Redefinindo os caminhos dos combos
Esta fusão não é meramente cosmética ou superficial, pois o sistema de progressão em Absolum reconhece que a essência dos roguelikes tradicionais, desde o pioneiro Rogue de 1980, sempre foi sobre aprendizado através da repetição e descoberta gradual de mecânicas complexas. Aplicado ao contexto de um beat ‘em up, isso significa que cada morte não representa uma frustração, mas uma oportunidade de refinamento estratégico e descoberta de novas combinações de habilidades, que combina perfeitamente com o plot da história.

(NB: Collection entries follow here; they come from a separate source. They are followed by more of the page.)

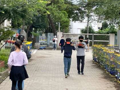 平均の学習。タブレットの計測アプリと自分の歩幅を使って、校庭の長さを測定しています。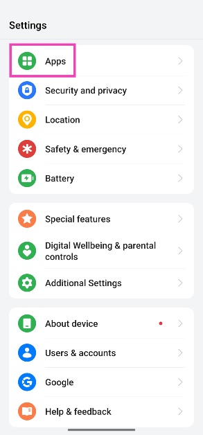 Βήμα 2:Μετακινηθείτε προς τα κάτω και επιλέξτεΕφαρμογές.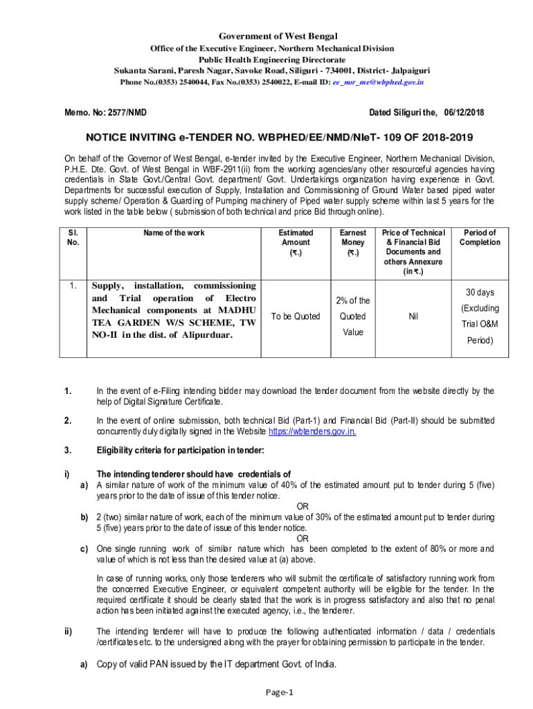 Get the free NOTICE INVITING e-TENDER NO. WBPHED/EE/NMD/NIeT

O mundo de Talamh surge como um cenário complexo e maduro, distante das narrativas simplistas que tradicionalmente acompanham jogos beat ‘em up. A proposta central gira em torno de um cataclisma mágico que devastou a civilização, criando uma sociedade em que a magia tornou-se temida e perseguida pelo autoritário Rei Sol Azra. Esta premissa não apenas estabelece um contexto narrativo sólido, mas também justifica mecanicamente a diversidade de poderes e a progressão do jogador através dos elementos roguelite integrados ao gameplay.
Comparado a outros títulos do gênero roguelite, Absolum demonstra uma maturidade conceitual que poucos conseguiram alcançar. Enquanto Spelunky introduziu elementos de plataforma aos conceitos roguelike e Risk of Rain trouxe a perspectiva de tiro, Absolum é possivelmente o primeiro a genuinamente capturar a essência visceral do combate corpo a corpo em uma estrutura roguelite funcional. A diferença fundamental entre Absolum e tentativas anteriores de hibridização reside no respeito às mecânicas fundamentais de ambos os gêneros, sem sacrificar a identidade de nenhum deles.

O gameplay de Absolum apresenta uma complexidade estratégica que eleva significativamente o padrão estabelecido por Streets of Rage 4. Cada um dos quatro personagens jogáveis possui não apenas movimentos únicos, mas sistemas de combate genuinamente distintos que alteram a abordagem tática necessária para o sucesso. Galandra, com sua espada colossal e poderes necromânticos, oferece um estilo de combate de médio alcance com ênfase em controle de área, enquanto Karl, o último Anão de Talamh, compensa limitações de alcance com força bruta explosiva e táticas de curta distância.
Cider representa a criação mais interessante do quarteto de Absolum, com um personagem não-binário que combina elementos do estilo ninja com tecnologia fantástica através de seu braço protético, criando um estilo de combate no estilo hit and run, que desafia as mecânicas do rogue ‘em up. Brome, o feiticeiro Mowlai, carrega muitas inspirações em Chrono Trigger, com habilidades mágicas que oferecem o maior potencial de controle de campo entre todos os personagens.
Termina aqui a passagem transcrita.